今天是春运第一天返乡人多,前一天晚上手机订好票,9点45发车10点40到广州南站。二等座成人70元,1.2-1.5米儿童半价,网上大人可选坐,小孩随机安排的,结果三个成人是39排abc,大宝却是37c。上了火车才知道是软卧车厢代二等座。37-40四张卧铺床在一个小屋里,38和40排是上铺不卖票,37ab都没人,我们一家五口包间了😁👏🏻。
--------
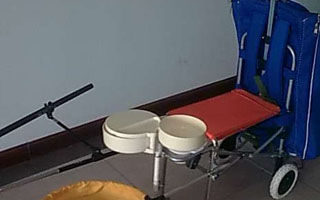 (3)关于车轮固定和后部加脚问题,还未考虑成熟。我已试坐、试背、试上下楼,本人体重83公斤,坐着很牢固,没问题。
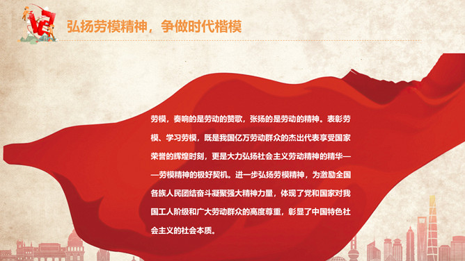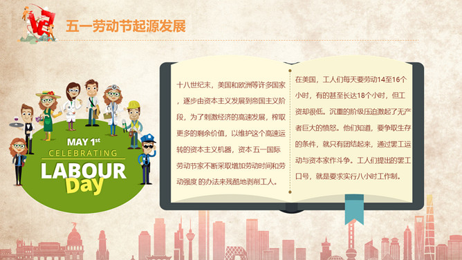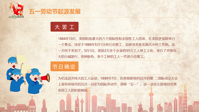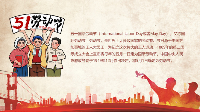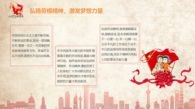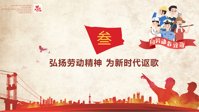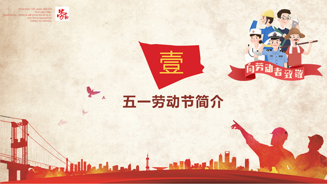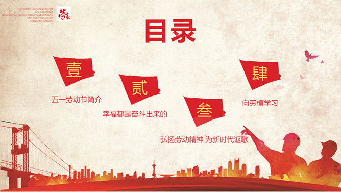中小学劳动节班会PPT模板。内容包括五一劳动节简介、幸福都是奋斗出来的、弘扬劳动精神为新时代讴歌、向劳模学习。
--------
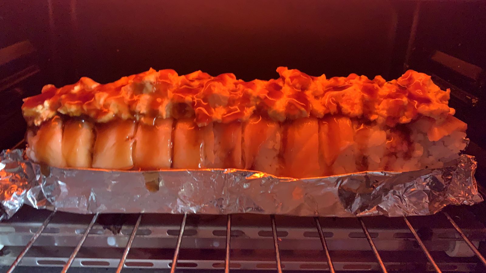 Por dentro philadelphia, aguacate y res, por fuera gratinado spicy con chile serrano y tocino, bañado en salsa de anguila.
--------
Task instructions:
What are the lines in the records above, word for word, from the one containing "(3)关于车轮固定和后部加脚" through the one containing "中小学劳动节班会PPT模板。", both ends included and pictures left out?

Output for this exercise:
 (3)关于车轮固定和后部加脚问题,还未考虑成熟。我已试坐、试背、试上下楼,本人体重83公斤,坐着很牢固,没问题。
中小学劳动节班会PPT模板。内容包括五一劳动节简介、幸福都是奋斗出来的、弘扬劳动精神为新时代讴歌、向劳模学习。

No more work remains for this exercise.